• [TASK INPUT]
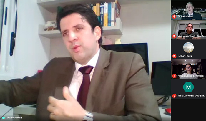 Juiz de Direito no Estado de São Paulo, o professor Vinícius de Toledo Piza Peluso explicou mais sobre o processo para se desenvolver na carreira da magistratura e os desafios encontrados ao longo desse processo. O mestre em Direito Penal comentou que a carreira de juiz traz um poder para a pessoa, mas que acima de tudo, ela proporciona uma satisfação pessoal. “Não se pode perder a essência e achar que o magistrado é poderoso e pode tudo. Antes de julgar, você deve abraçar e amar essa profissão”.
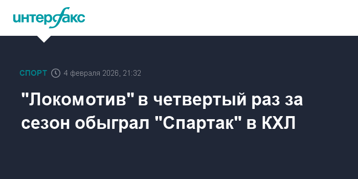 Таким образом, "Локомотив" обыграл "Спартак" в текущем сезоне в четвертый раз. 6 ноября 2025 года ярославцы победили дома со счетом 5:2, 12 ноября в Москве – 6:3, 25 января нынешнего года на своем льду – 3:2 (в овертайме).
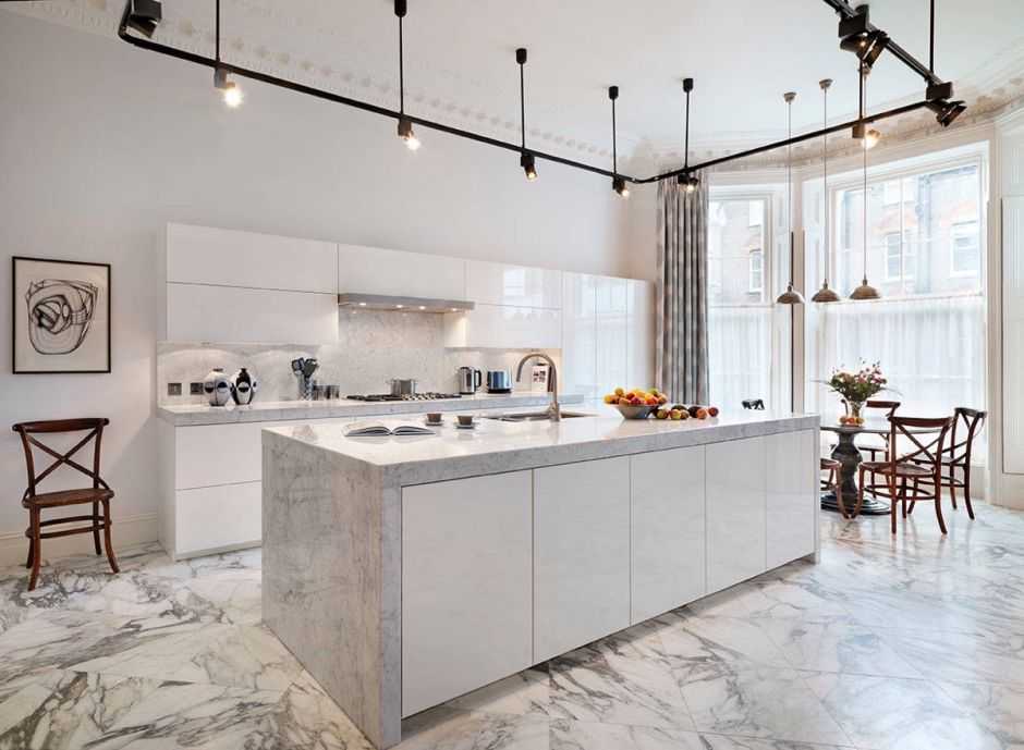 Мрамор – довольно универсальный материал, который можно часто встретить в кухонных помещениях. Прежде чем оформлять интерьер, надо посмотреть фото мраморной столешницы или пола на кухне, а также ознакомиться с основными особенностями натурального камня.
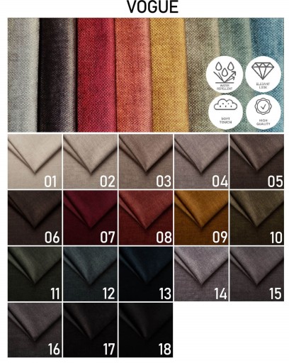 - Tkanina VOGUE (miła w dotyku, welur, nie wchłania wody) DOPŁATA +350 zł
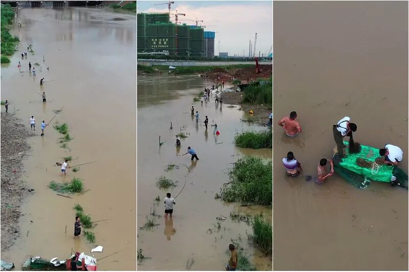 长江君:洪水往往会冲来大量鱼群,因此在我国民间,每年的汛期居民们聚集江河边热闹地钓鱼、捕鱼,已经是一种历史悠久的“人文现象”。
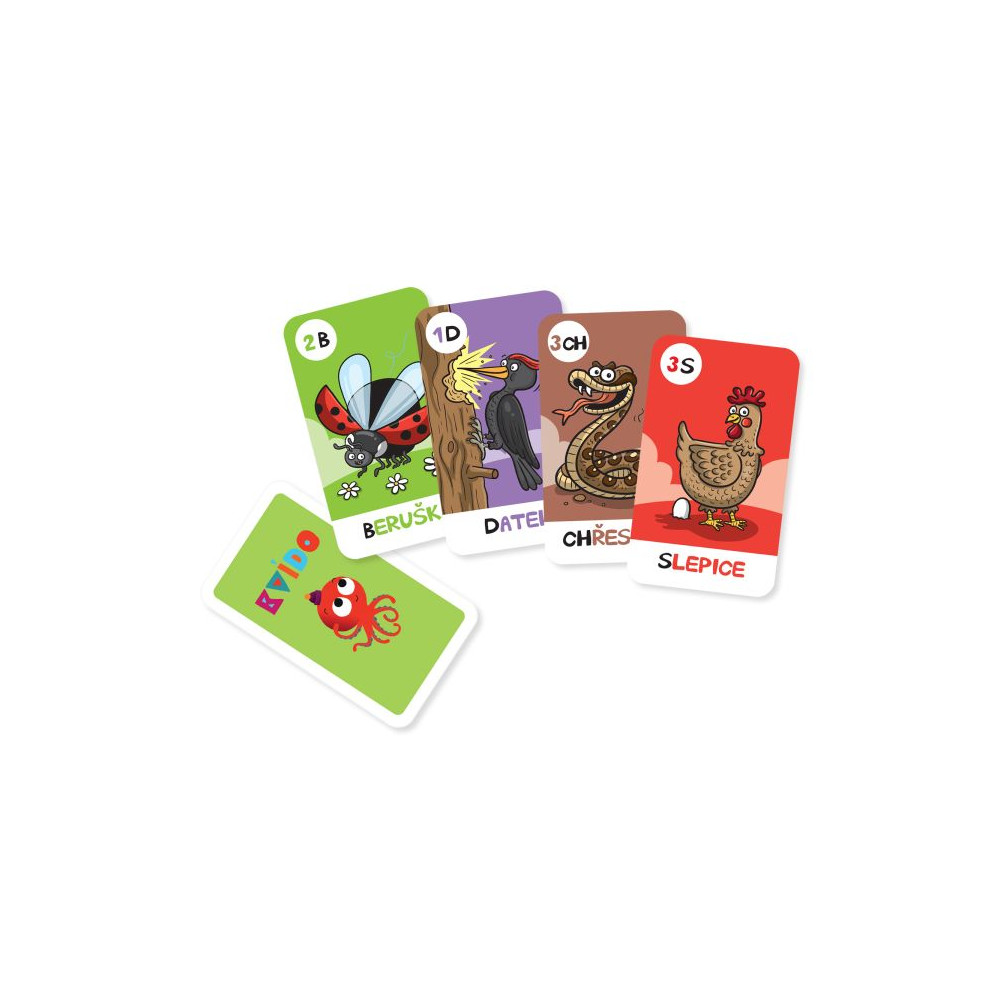 Hra Písmenkové kvarteto - Kvído obsahuje: 32 ilustrovaných karet zvířátek začínající na různá písmena české abecedy, pravidla na 5 her.
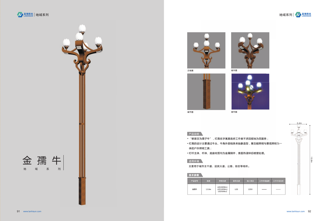 1、高度為6-16米; 2、花葉光源為4組LED光源,色溫2500-6500K,其余光源為LED裝飾光源,每個光源功率為30-60W; 3、LED驅(qū)動電源壽命可達五年; 4、整體熱鍍鋅噴塑,保證燈桿15年不生銹; 5、可以根據(jù)使用地區(qū)的地域文化、產(chǎn)業(yè)特點等進行文化定制;
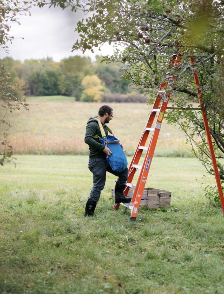 Orcharding is an historic agricultural tradition in Wisconsin, but with our inconsistent weather, growing apples in the state is a nuanced art. Even though an apple may be delicious, it can have imperfections that make it hard to sell by today’s standard of fruit beauty. Marie and Matt offer local orchards an outlet for their second-quality apples that would otherwise be a loss for the farm. Harvesting from over 25 orchards, including their own, the Raboins see the imperfection as a way to add depth to their small-batch ciders. The harvest from each orchard offers unique characteristics and varieties of apples. This diversity creates the opportunity to get creative with other ingredients the landscape has to offer to play off the flavor profile of each harvest. “I don’t know of many cideries that have been as experimental as we have. We’ve focused on locally sourced ingredients and we’ve made ciders with saskatoon, currants, elderberries, elderflowers, honey, maple syrup, tart cherries, plums, pears, seaberries, wild bergamot, chile peppers, pumpkin, black cherry, raspberry, black raspberry, blackberry, gin botanicals, basil, and I’m sure I’m forgetting some,” Matt says as he lists off the ways he and Marie have been creative with their cider-making over the years. “We couldn’t do this if we were trying to recreate the same cider each time.”

• [WHAT THE TASK REQUIRES] Starting at the line that holds "Hra Písmenkové kvarteto", copy each line exactly through the end of the material above, keeping both ends and dropping the pictures.

• [EXERCISE RESPONSE]
 Hra Písmenkové kvarteto - Kvído obsahuje: 32 ilustrovaných karet zvířátek začínající na různá písmena české abecedy, pravidla na 5 her.
 1、高度為6-16米; 2、花葉光源為4組LED光源,色溫2500-6500K,其余光源為LED裝飾光源,每個光源功率為30-60W; 3、LED驅(qū)動電源壽命可達五年; 4、整體熱鍍鋅噴塑,保證燈桿15年不生銹; 5、可以根據(jù)使用地區(qū)的地域文化、產(chǎn)業(yè)特點等進行文化定制;
 Orcharding is an historic agricultural tradition in Wisconsin, but with our inconsistent weather, growing apples in the state is a nuanced art. Even though an apple may be delicious, it can have imperfections that make it hard to sell by today’s standard of fruit beauty. Marie and Matt offer local orchards an outlet for their second-quality apples that would otherwise be a loss for the farm. Harvesting from over 25 orchards, including their own, the Raboins see the imperfection as a way to add depth to their small-batch ciders. The harvest from each orchard offers unique characteristics and varieties of apples. This diversity creates the opportunity to get creative with other ingredients the landscape has to offer to play off the flavor profile of each harvest. “I don’t know of many cideries that have been as experimental as we have. We’ve focused on locally sourced ingredients and we’ve made ciders with saskatoon, currants, elderberries, elderflowers, honey, maple syrup, tart cherries, plums, pears, seaberries, wild bergamot, chile peppers, pumpkin, black cherry, raspberry, black raspberry, blackberry, gin botanicals, basil, and I’m sure I’m forgetting some,” Matt says as he lists off the ways he and Marie have been creative with their cider-making over the years. “We couldn’t do this if we were trying to recreate the same cider each time.”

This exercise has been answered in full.